Streitpunkt Abmahnkosten

Ein Gastbeitrag von RA Rolf Heinemann
Ist ein Unternehmer der Ansicht, ein Wettbewerber verhalte sich wettbewerbswidrig, so soll er ihn gemäß § 12 Abs. 1 S. 1 des Gesetzes gegen den unlauteren Wettbewerb (UWG) vor Einleitung eines gerichtlichen Verfahrens abmahnen. Soweit die Abmahnung berechtigt ist, kann der Unternehmer gemäß § 12 Abs. 1 S. 2 UWG Ersatz der erforderlichen Aufwendungen verlangen.
Diese Kostentragungspflicht ist für den Abgemahnten gegenüber der geforderten strafbewehrten Unterlassungserklärung oftmals das größere Übel und deshalb Ausgangspunkt von Auseinandersetzungen. Besonders gilt dies, wenn sich ein großes Unternehmen mit eigener Rechtsabteilung für eine Abmahnung noch der Hilfe externer Anwälte bedient und den Ersatz der Anwaltskosten fordert.
Nach dem Gesetzeswortlaut kommt es für die Frage des Umfangs der Erstattungspflicht darauf an, ob die Aufwendungen erforderlich waren. Dazu hat der BGH erst jüngst in seinem Urteil vom 08. Mai 2008, Az. I ZR 83/06, die bisherige Rechtsprechung bestätigt. Auch wenn von der tatsächlichen Organisation des abmahnenden Unternehmens auszugehen sei, ist ein Unternehmen mit eigener Rechtsabteilung nach Ansicht des BGH nicht gehalten, die eigenen Juristen für die Vornahme von Abmahnungen einzusetzen.

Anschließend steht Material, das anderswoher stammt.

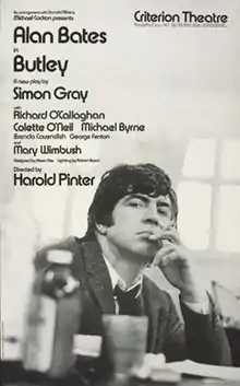 Butley is a play by Simon Gray set in the office of an English lecturer at a university in London, England.[1] The title character, a T. S. Eliot scholar, is an alcoholic who loses his wife and his close friend and colleague – and possibly male lover – on the same day.[2] The action of the dark comedy takes place over several hours on the same day during which he bullies students, friends and colleagues while falling apart at the seams.[3] The play won the 1971 Evening Standard Award for Best Play.[4]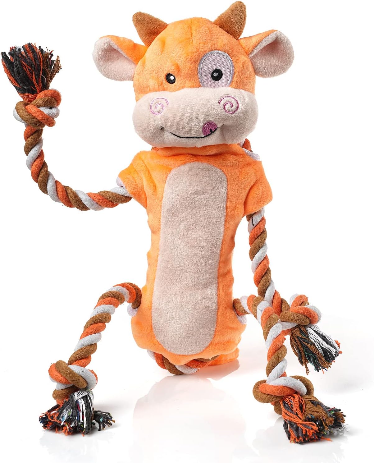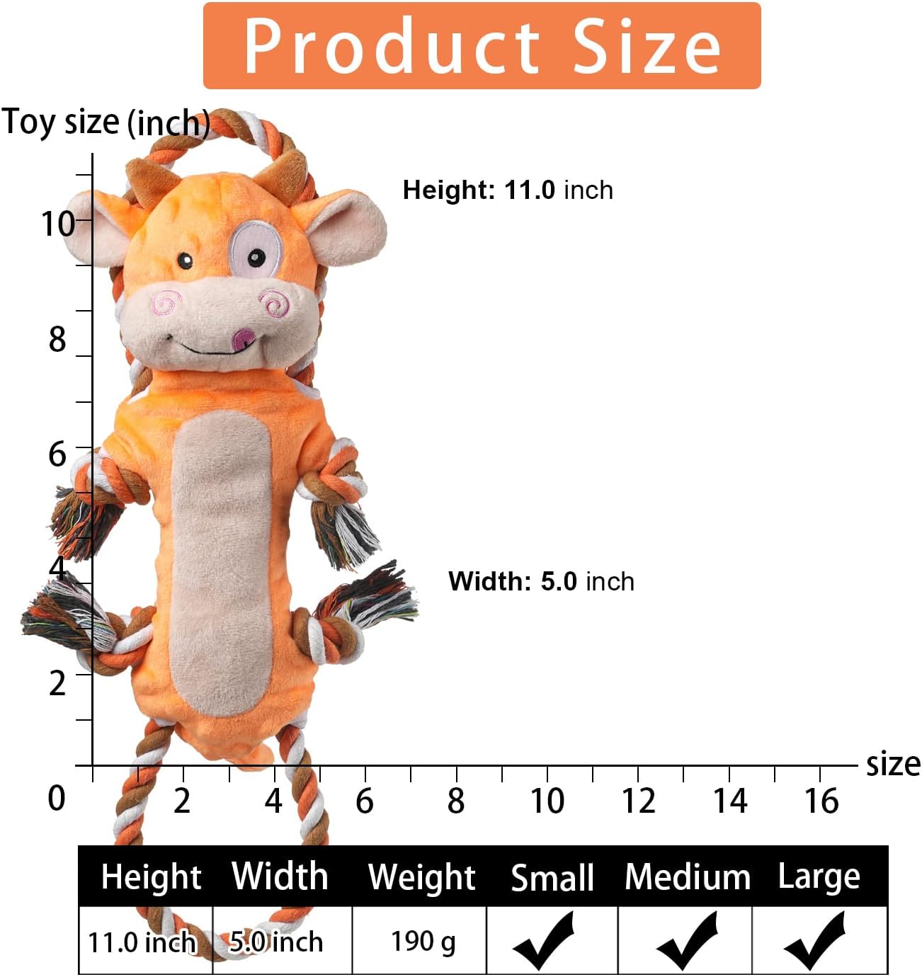 Dog Toys, Tug of War Dog Toys for Large Breed, Cute Squeaky Interactive Dogs Toy with Crinkle Paper, Plush Puppy Chew Toy for Small, Middle, Big Dogs (Cow-SS)

Dies ergebe sich daraus, dass die Verfolgung von Wettbewerbsverstößen nicht zu den eigentlichen Aufgaben eines gewerblichen Unternehmens zähle.
Die konkrete Höhe der zu erstattenden Anwaltskosten bestimmt sich nach den allgemeinen Regeln des Rechtsanwaltsvergütungsgesetzes (RVG). Es kommt also zum einen auf den Gegenstandswert, d.h. dem in einem Geldbetrag ausgedrückten Interesse des Abmahnenden an der Beseitigung des gerügten Wettbewerbsverstoßes an. Maßgeblich dafür sind Art und Umfang des oder der gerügten Wettbewerbsverstöße. Zum anderen hängt die Höhe der Anwaltskosten vom Gebührensatz des Rechtsanwalts ab. Dieser wiederum richtet sich nach dem Unfang oder der Schwierigkeit der Tätigkeit des Anwalts. Es gilt dabei ein Rahmen von 0,5 bis 2,5, der jedoch regelmäßig auf 1,3 begrenzt ist.

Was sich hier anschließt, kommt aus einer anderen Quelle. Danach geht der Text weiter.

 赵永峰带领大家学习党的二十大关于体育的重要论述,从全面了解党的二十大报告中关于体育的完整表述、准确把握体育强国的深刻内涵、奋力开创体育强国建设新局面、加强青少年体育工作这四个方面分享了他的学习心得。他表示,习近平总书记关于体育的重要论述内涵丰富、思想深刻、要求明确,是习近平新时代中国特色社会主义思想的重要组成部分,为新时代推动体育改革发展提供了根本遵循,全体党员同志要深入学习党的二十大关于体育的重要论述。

Die Frage nach dem Umfang der Erstattungspflicht stellt sich aber auch, wenn ein Wettbewerbsverein (§ 8 Abs. 3 Nr. 2 UWG) eine Abmahnung ausspricht. Wettbewerbsvereine müssen nach der Rechtsprechung des BGH sachlich und personell so ausgestattet sein, dass sie durchschnittlich schwierige Abmahnungen ohne anwaltliche Hilfe selbst bearbeiten können. Wird dennoch ein Anwalt beauftragt, so geschieht dies ausschließlich im Vereinsinteresse und ein Kostenerstattungsanspruch besteht dann regelmäßig nicht. Mahnt der Verein selbst ab, so kommt nur ein Anspruch auf Ersatz der anteiligen Personal- und Sachkosten in Form einer Kostenpauschale in Betracht, die in der Regel bei 200,00 € liegt.
Um die Gefahr des Entstehens weiterer Kosten in dem Fall, dass der Abmahnende seinen Anspruch auf Kostenerstattung gerichtlich durchsetzt, zu mindern, empfiehlt sich also die genaue Prüfung der Abmahnung. Die Einholung von Rechtsrat kann hier weitere Kosten ggf. vermeiden, so dass es sich in jedem Fall um „gut angelegtes Geld“ handelt.